In 1903, the newly formed Swiss Federal Railways (SBB-CFF-FFS) ordered passenger cars from SWS.  As early as 1906, the 1,000th item of rolling stock left the SWS workshop, and in 1909 the 2,000th vehicle was delivered to SBB-CFF-FFS.

In 1917, SWS took over the lift manufacturing business from the firm Aufzüge- und Räderfabrik Seebach AG and in 1928 the firm name was changed to Schweizerische Wagons- und Aufzügefabrik AG, Schlieren-Zürich.

In 1956 it was announced that Pars Finanz AG – the then holding company of the Schindler Group, which was involved in lift manufacturing and wagon building – had purchased 30% of SWS's share capital. In 1958, Schlieren installed the fastest lift at the time - with speed of 5 m/s (20 ft/s), in Atomium building in Brussels, the capital of Belgium. The Schindler Group took the "Wagi" over completely in 1960, and integrated the company into the group as a subsidiary company.

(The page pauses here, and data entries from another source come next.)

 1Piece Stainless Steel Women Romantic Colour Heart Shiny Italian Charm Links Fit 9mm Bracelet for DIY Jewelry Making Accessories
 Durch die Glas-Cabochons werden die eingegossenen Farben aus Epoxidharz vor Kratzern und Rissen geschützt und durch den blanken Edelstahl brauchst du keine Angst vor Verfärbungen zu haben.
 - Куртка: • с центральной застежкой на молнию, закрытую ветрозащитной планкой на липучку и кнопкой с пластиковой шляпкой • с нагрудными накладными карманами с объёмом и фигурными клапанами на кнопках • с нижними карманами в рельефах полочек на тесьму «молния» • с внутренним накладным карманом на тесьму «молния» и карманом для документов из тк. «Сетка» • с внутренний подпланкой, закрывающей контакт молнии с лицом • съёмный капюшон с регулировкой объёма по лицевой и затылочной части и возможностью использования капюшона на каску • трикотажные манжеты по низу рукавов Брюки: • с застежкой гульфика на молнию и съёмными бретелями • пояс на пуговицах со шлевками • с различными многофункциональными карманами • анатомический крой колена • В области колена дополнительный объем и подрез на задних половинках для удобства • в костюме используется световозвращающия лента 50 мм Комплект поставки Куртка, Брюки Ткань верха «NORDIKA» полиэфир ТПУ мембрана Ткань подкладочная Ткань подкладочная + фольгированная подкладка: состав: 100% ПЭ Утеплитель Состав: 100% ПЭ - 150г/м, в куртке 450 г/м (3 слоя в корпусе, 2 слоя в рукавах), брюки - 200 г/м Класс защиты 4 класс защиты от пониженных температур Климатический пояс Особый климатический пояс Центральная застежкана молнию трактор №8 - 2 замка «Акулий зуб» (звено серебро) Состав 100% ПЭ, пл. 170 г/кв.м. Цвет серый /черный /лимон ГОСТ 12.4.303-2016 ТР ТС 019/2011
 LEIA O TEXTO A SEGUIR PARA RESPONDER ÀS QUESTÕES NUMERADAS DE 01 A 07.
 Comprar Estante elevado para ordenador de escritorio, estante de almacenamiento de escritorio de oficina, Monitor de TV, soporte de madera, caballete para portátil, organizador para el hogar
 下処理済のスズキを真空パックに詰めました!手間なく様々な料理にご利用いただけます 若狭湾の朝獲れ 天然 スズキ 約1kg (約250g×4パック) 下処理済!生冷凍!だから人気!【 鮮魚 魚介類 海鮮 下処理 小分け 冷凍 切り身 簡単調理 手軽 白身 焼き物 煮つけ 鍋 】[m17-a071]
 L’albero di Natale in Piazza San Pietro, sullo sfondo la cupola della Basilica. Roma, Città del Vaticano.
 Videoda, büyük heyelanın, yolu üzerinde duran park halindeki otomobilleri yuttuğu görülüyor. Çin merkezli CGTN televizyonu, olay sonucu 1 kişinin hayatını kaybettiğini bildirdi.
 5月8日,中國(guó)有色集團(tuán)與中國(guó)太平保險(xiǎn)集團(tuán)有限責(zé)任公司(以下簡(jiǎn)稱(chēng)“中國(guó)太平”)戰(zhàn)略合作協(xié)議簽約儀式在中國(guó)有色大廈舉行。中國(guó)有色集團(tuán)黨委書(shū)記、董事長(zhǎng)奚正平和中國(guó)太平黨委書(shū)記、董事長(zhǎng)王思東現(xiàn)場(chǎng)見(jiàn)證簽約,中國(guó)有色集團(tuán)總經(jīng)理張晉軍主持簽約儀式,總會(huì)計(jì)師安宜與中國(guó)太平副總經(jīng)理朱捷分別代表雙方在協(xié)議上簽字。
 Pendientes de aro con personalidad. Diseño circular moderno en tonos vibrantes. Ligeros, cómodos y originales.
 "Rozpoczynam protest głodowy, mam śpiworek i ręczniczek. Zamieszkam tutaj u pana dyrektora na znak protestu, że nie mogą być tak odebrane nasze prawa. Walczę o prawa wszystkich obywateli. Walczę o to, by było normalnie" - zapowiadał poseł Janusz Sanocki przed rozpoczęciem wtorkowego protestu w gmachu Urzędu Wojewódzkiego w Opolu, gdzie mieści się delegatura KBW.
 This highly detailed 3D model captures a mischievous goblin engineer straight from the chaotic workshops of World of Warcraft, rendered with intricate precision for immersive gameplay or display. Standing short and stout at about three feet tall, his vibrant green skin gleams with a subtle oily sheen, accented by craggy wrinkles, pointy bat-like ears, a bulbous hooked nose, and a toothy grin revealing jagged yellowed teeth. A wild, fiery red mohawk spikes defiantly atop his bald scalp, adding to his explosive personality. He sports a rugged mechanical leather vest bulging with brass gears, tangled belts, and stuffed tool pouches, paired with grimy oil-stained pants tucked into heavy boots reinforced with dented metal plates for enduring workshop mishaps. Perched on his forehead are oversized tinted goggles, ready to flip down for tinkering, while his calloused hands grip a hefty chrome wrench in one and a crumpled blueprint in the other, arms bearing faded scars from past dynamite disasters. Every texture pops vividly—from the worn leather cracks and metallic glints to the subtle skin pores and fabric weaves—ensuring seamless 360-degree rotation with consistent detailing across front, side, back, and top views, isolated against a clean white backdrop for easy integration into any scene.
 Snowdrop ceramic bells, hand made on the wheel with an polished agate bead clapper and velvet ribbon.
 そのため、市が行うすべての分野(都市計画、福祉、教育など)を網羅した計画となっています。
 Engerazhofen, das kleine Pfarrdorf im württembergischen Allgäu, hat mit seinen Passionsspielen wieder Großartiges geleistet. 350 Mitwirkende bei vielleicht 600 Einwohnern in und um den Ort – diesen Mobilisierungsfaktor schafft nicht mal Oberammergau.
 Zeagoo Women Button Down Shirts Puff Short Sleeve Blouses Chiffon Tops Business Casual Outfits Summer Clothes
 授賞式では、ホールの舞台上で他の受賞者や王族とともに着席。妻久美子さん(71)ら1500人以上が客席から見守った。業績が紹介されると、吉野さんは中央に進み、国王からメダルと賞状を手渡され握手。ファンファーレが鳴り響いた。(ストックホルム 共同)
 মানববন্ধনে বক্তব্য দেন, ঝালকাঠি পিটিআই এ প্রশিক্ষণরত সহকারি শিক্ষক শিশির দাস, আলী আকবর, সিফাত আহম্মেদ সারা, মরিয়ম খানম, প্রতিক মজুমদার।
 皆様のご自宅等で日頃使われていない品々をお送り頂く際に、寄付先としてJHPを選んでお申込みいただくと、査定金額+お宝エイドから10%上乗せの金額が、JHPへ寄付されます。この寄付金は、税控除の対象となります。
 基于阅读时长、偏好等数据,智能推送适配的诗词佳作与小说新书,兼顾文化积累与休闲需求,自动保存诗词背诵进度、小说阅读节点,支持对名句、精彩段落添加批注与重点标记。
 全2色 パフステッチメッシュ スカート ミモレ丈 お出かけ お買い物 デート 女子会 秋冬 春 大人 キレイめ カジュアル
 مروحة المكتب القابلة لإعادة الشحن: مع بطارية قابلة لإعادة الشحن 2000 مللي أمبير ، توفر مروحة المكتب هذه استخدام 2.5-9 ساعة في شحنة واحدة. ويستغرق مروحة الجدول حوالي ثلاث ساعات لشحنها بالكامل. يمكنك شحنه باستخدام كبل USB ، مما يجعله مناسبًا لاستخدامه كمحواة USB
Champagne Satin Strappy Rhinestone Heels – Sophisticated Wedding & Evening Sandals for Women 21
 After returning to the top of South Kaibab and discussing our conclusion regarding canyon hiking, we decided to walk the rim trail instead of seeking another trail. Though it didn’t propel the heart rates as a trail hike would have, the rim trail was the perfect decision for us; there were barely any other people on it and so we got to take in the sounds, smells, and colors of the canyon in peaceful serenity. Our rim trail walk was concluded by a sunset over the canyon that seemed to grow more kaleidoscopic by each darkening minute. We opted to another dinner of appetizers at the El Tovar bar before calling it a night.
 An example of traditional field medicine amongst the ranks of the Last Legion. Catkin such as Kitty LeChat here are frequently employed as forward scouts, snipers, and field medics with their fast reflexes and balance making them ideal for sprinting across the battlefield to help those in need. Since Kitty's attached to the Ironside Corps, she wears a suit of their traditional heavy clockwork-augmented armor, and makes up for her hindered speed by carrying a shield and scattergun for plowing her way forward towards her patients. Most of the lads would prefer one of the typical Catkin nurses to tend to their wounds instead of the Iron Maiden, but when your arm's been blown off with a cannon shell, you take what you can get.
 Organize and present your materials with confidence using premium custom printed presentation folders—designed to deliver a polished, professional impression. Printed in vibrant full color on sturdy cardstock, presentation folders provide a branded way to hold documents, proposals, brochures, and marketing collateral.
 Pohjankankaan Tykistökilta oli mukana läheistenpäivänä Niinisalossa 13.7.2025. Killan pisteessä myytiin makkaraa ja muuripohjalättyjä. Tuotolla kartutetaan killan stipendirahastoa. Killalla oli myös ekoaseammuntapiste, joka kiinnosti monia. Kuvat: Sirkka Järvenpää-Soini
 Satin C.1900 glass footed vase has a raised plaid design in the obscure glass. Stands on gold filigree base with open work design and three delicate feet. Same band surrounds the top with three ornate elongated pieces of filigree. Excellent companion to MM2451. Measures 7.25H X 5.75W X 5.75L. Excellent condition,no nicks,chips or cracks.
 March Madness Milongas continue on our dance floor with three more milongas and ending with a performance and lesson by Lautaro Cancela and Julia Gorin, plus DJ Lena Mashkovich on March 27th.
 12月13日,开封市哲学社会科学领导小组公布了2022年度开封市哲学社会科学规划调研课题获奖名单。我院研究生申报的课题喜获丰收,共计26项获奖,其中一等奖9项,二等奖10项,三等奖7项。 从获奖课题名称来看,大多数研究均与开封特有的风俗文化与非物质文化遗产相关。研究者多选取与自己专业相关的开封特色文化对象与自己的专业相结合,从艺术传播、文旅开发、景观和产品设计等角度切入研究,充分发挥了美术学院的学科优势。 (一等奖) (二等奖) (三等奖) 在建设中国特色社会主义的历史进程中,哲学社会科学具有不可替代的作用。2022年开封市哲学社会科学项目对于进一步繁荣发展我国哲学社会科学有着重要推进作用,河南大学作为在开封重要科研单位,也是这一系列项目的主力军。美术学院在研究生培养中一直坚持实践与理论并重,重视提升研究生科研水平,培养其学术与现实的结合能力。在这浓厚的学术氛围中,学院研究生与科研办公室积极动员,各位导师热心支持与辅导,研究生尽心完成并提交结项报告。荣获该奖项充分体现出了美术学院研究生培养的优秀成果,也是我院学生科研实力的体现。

When the Swiss rolling stock manufacturing industry was restructured in 1980–1981, SWS changed its rolling stock specialisation to component manufacturing, as well as alterations and revisions. In lift manufacture, the company focused on standard doors and standard cabins. In 1983, Schindler Group announced that SWS would be closed. At the end of August 1985, the closure took place, amidst vehement protests by employees and the public.

At the former premises of SWS, which were demolished very soon afterwards, a large new building was constructed, to house a new printing works for the Neue Zürcher Zeitung (NZZ). Other new buildings constructed on the site were, for the most part, taken up by new small businesses.

Schindler continues to manufacture lifts today, and is the core product of that company, along with escalators and moving walkways. Railway division was divested in 1997 and acquired by Stadler Rail.

References

External links 
 WAGI Museum Website
 Official Heritage Website
 bahnarchiv.ch – Image database with partial SWS- photo archive

This article was translated from the German-language version as at August 2010.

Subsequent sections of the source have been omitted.